Parameter	Description	Example
cudaVersion	CUDA version	12.4
nvencVersion	NVENC version	12.2
driverVersion	NVIDIA drivers version	550.90.07
nvmlVersion	NVIDIA management library version	12.550.90.07
numOfAvailableDevices	GPU available count	1
numOfDecodingSessions	Decoders count	1
numOfEncodingSessions	Encoders count	5
numOfHostEncodingSessions	Encoders count per server	5
name	GPU name	Tesla P100-PCIE-16GB
pciBusId	GPU PCI bud Id	0000:02:00.0
computeCapability	GPU capabilities Id	6.0
computeMode	GPU compute mode	0
computeModeDescription	GPU compute mode description	Default compute mode (Multiple contexts allowed per device)
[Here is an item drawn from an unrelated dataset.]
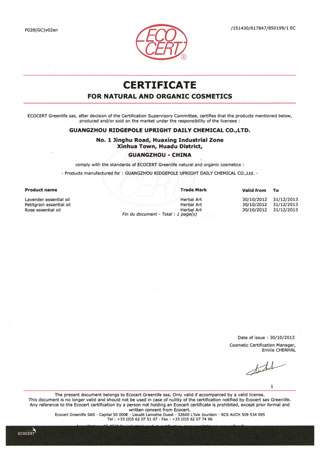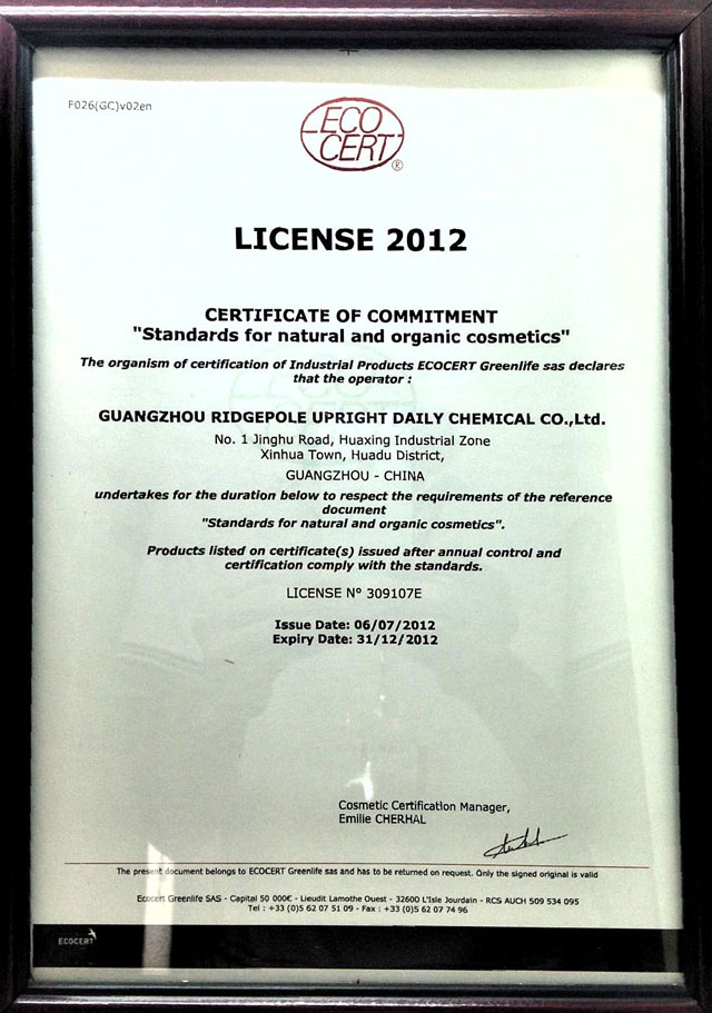 ○ 歐盟ECOCERT天然有機(jī)化妝品生產(chǎn)認(rèn)證證書(shū)

decoderFps	Decoding FPS	30
encoderFps	Encoding FPS	30
averageFps	Average FPS by native GPU stats	29
averageLatency	Average latency in microseconds by native GPU stats	1225
computeUtilization	GPU compute utilization percent	1
memUtilization	Memory utilization percent	0
decoderUtilization	Decoder utilization percent	5
encoderUtilization	Encoder utilization percent	4
totalMem	Total memory amount	16 GB
freeMem	Free memory amount	15.26 GB
usedMem	Used memory amount	752.25 MB
usedPciBandwidth	PCI bus bandwidth used	984.76 KB
minWidth	Minimal picture width to decode/encode	33
minHeight	Minimal picture height to decode/encode	17
maxWidth	Maximum picture width to decode/encode	4096
maxHeight	Maximum picture height to decode/encode	4096